What a catch. Catching your limit with good size fish is always what you hope for.


----------



## blueboy22 (Sep 30, 2007)

Good job, thanks for the update on Deer Creek. I going back up Sunday Morning. I was very surprised how warm the water felt also there. No wonder it takes so long to Freeze, Ha Ha.


----------



## 4pointmuley (Sep 18, 2007)

Hi "americanforkdude". I was just wondering if I could launch a 14' aluminum boat at Charleston boat ramp and then proceed west to the channel?
Also what is kryptonite bait? Where can it be purchased?


----------



## Fishrmn (Sep 14, 2007)

4pointmuley said:


> Hi "americanforkdude". I was just wondering if I could launch a 14' aluminum boat at Charleston boat ramp and then proceed west to the channel?
> Also what is kryptonite bait? Where can it be purchased?


Launch? No. Carry a couple hundred yards? Probably not.


----------



## blueboy22 (Sep 30, 2007)

4pointmuley said:


> Hi "americanforkdude". I was just wondering if I could launch a 14' aluminum boat at Charleston boat ramp and then proceed west to the channel?
> Also what is kryptonite bait? Where can it be purchased?

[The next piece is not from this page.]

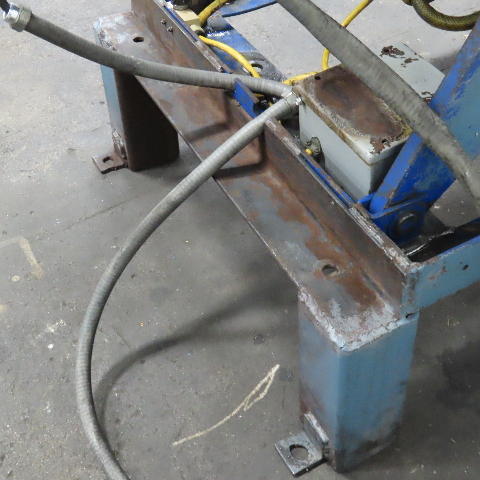 - There is no tag on this lift, it has some modifications to note: Some frame modifications/reinforcements, welded bars, welded risers onto base, roller turn table top etc.
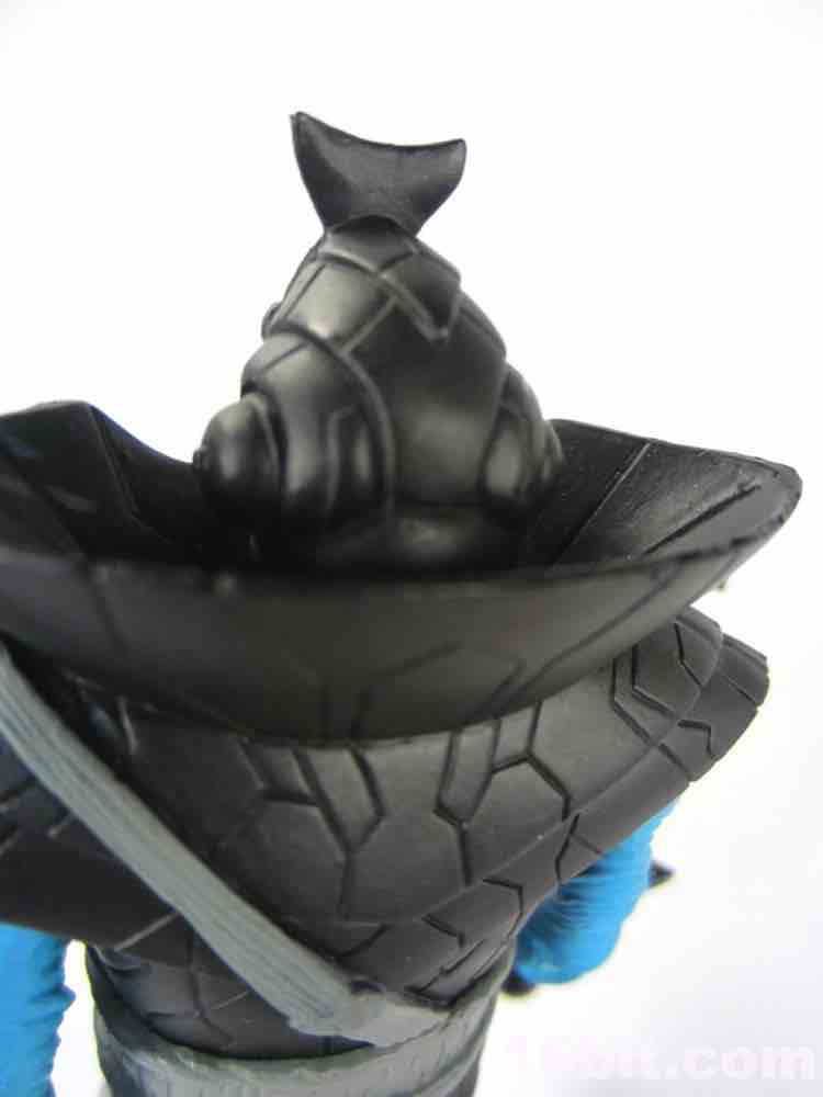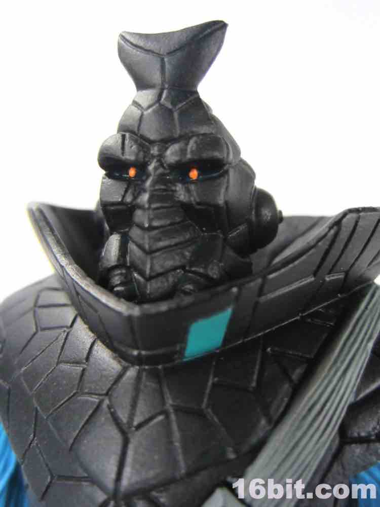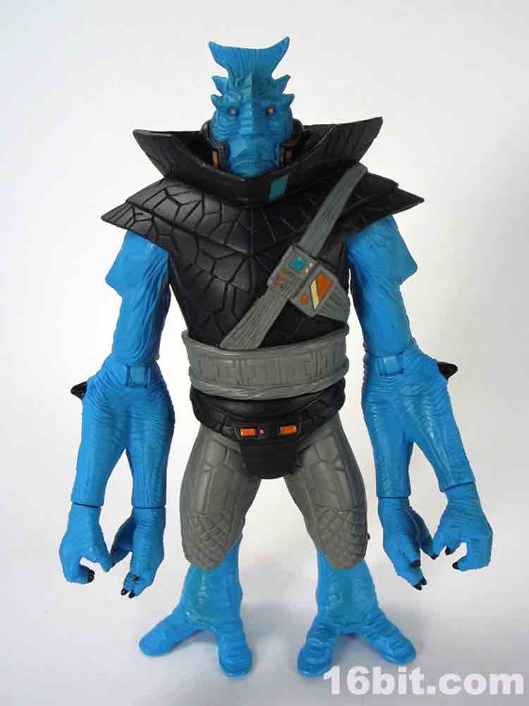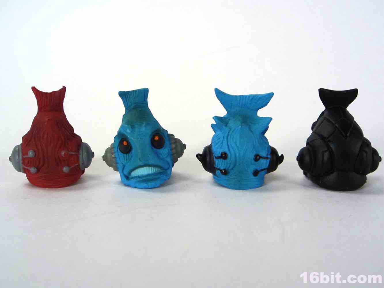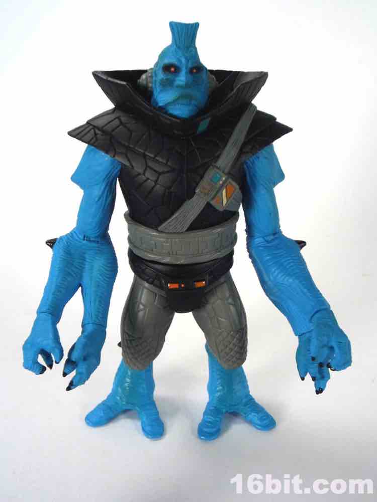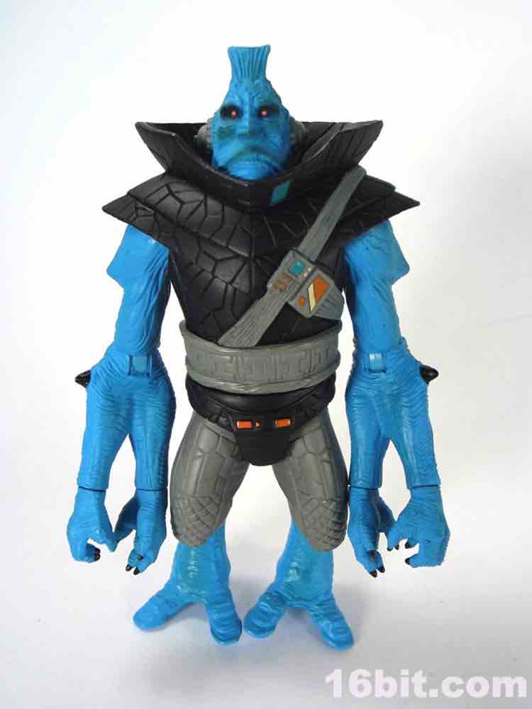 It's worth noting that courtesy of the many parts this figure has, he's got 15 points of articulation and each joint can be separated from the figure at the Glyos peg. You can swap the hands or heads or whatever between figures, making whatever color mutations you want. Granted, I don't want to - I like the default mode just fine, but swapping the heads is fun since we have 3 options. Deco is nice, with every body part being slathered in paint which gives it a rich look. Considering the price of this figure - it may be the most expensive individual new 3 3/4-inch action figure outside (and possibly including) Fun Publications' various G.I. Joe exclusives - this level of deco is appreciated. The default head's two faces are spectacular with blue skin, red eyes, and black circles around them making the red "pop." Grey earphones bring a little more personality to the head, while the secondary "fish" head has a strange baleen-esque whale grille that's not unlike that of the Alpha Star alien creature. The vaguely fishy mouth has light blue deco on his teeth, which may well make this the single best-painted head you can buy.

4 Point, I wondered this too. I was at Sportsman warehouse in Provo and seen some kryptonite bait. It's like Power bait, it comes in a jar like Power bait. TIP: use a small hook like #16 but no bigger than a #14 and also try mixing your power bait together. Rainbow Sparkle and Lemon Twist are my Favorite right now but they don't always work great. Corn, Salmon egg, Garlic are my other go to baits.


----------



## 4pointmuley (Sep 18, 2007)

Thanks for the info!


----------



## americanforkdude (Sep 13, 2007)

Sorry just seen your post. If your interested in Kryptonite PM me, my buddy makes it and sportsmans carried it at one time but he actually sold it out but still makes his own out of his house. Some batchs are way better then powerbait and others are comparable to powerbait. And no, the Charleston is a no go. THe lake is dry on that side. The river doesn't even meet the lake for several hundred yards past the bridge now. Try launching from the main marina by bikini beach and drive over there. I had a 14' aluminum and I never had a problem making it over there and back. I was packing a 20hp motor though.


----------



## blueboy22 (Sep 30, 2007)

I was going to buy one of the only Jars they had left at sportsman but, They said they were throwing away 10 to 12 bottles of it away a week because it was going Moldy so I passed. Looks like it works though.


----------